Por tanto, las perspectivas de negocio de las redes sociales podrían ser menos halagüeñas, puesto que el CEO de Facebook, Mark Zuckerberg, tendrá que desarrollar la red social con un margen de seguridad mayor para asegurarse de que no le quitan usuarios. Uno o dos pasos en falso podrían cambiar todo el futuro de Facebook; y esto es algo que podría ocurrir en un lapso de tiempo relativamente corto. Las oportunidades de negocio podrían ser por tanto menores de lo que muchos creen. Como ya hemos mencionado, Facebook tardará en convertirse en una buena oportunidad de inversión.

Estrategia de inversión - Si es que es posible

Los diferentes puntos de vista sobre cuándo invertir y a qué precio dependen principalmente de cómo se suelan tomar las decisiones de inversión respecto de otras acciones. Por ejemplo, si los inversores tienen un estilo de crecimiento o de valor (presentamos a continuación, los enlaces a los diferentes artículos al respecto).

Incluso si Mark Zuckerberg opta por el precio máximo de 38 dólares, que se corresponde con una valoración de 82.000 millones de dólares, no me sorprendería que el valor de mercado superase los 100.000 millones de dólares el primer día de negociación, que equivaldría a un precio por acción de apenas 47 dólares. Todo ello supondría un PER de hasta 100 veces, que es probablemente el máximo al que la acción puede aspirar en la época actual, antes de que el precio entre en un mundo ideal, pero, al fin y al cabo, nunca se sabe.
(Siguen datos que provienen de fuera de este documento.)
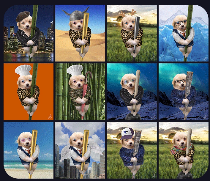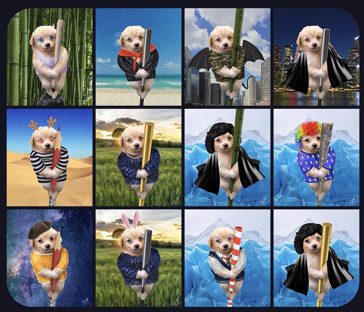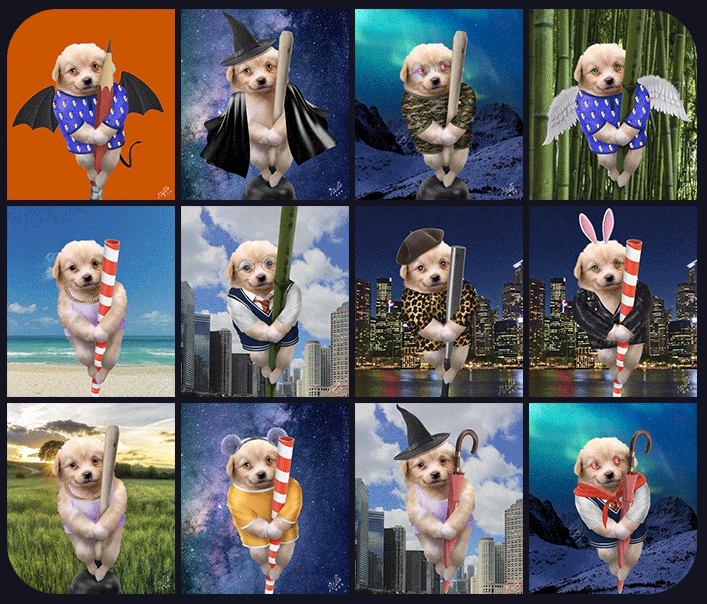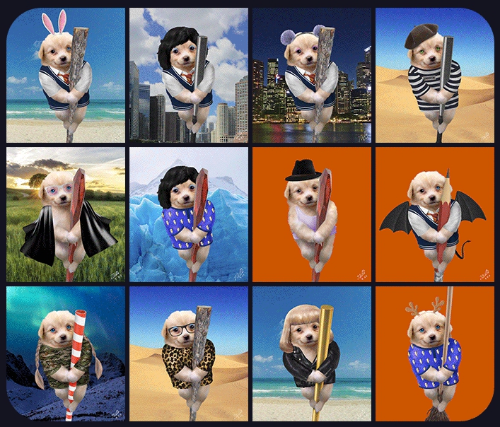 개죽이 NFT는 배경(10종), 옷(10종), 눈 색(10종), 봉(10종), 액세서리(25종)을 랜덤으로 장착한 25만개의 고유한 디자인으로 발행됩니다.

Desde mi punto de vista, una buena parte de los nuevos inversores no ha aterrizado con intención de quedarse a largo plazo. Por tanto, vamos a observar cómo toda una tanda de nuevos inversores se coloca en niveles por encima del elevado precio de la OPV. Es probable que estos inversores no vayan a cumplir con el horizonte temporal que Mark Zuckerberg tiene en la cabeza. En primer lugar, conviene tener en cuenta el hecho de que Facebook no necesita salir a bolsa. Tiene dinero. Gana dinero. La normativa de la Comisión de Bolsa y Valores de EE.UU. obliga a la compañía a cotizar en el mercado. Así pues, en adelante, el inversor no debería esperar un CEO con ganas de agradar a sus inversores, ya que, probablemente Mark Zuckerberg estaría más a gusto sin ellos. Dispone de todo el tiempo del mundo (y dinero) para lograr que Facebook crezca de la manera que considere óptima.

Todo ello supone que durante los primeros años, es posible que los beneficios de Facebook sigan la senda que esperan los inversores, dado que la agenda de Zuckerberg (tal y como hemos comentado más arriba) nada tiene que ver con la del inversor medio de la compañía. Podemos estar seguros de que él va a ir a lo suyo.

La consecuencia de cuánto hemos contado: los inversores se enfrentan a un mayor riesgo a corto plazo puesto que la valoración del PER de hasta 100 veces apenas deja margen para la decepción o el error y los inversores serán quienes paguen el pato.

Por tanto, lo mejor puede que sea esperar a que la valoración del PER vuelva al nivel de 50-60 veces y cuando estemos seguros de esto, invertir. Pero estrategia exigiría un horizonte de tiempo muy largo, a 5-10 años. En otras palabras, guardar la acción en el fondo del armario y esperar a que la inversión compense. No conviene perder de vista que esta estrategia tiene visos de un estivo de inversión de valor.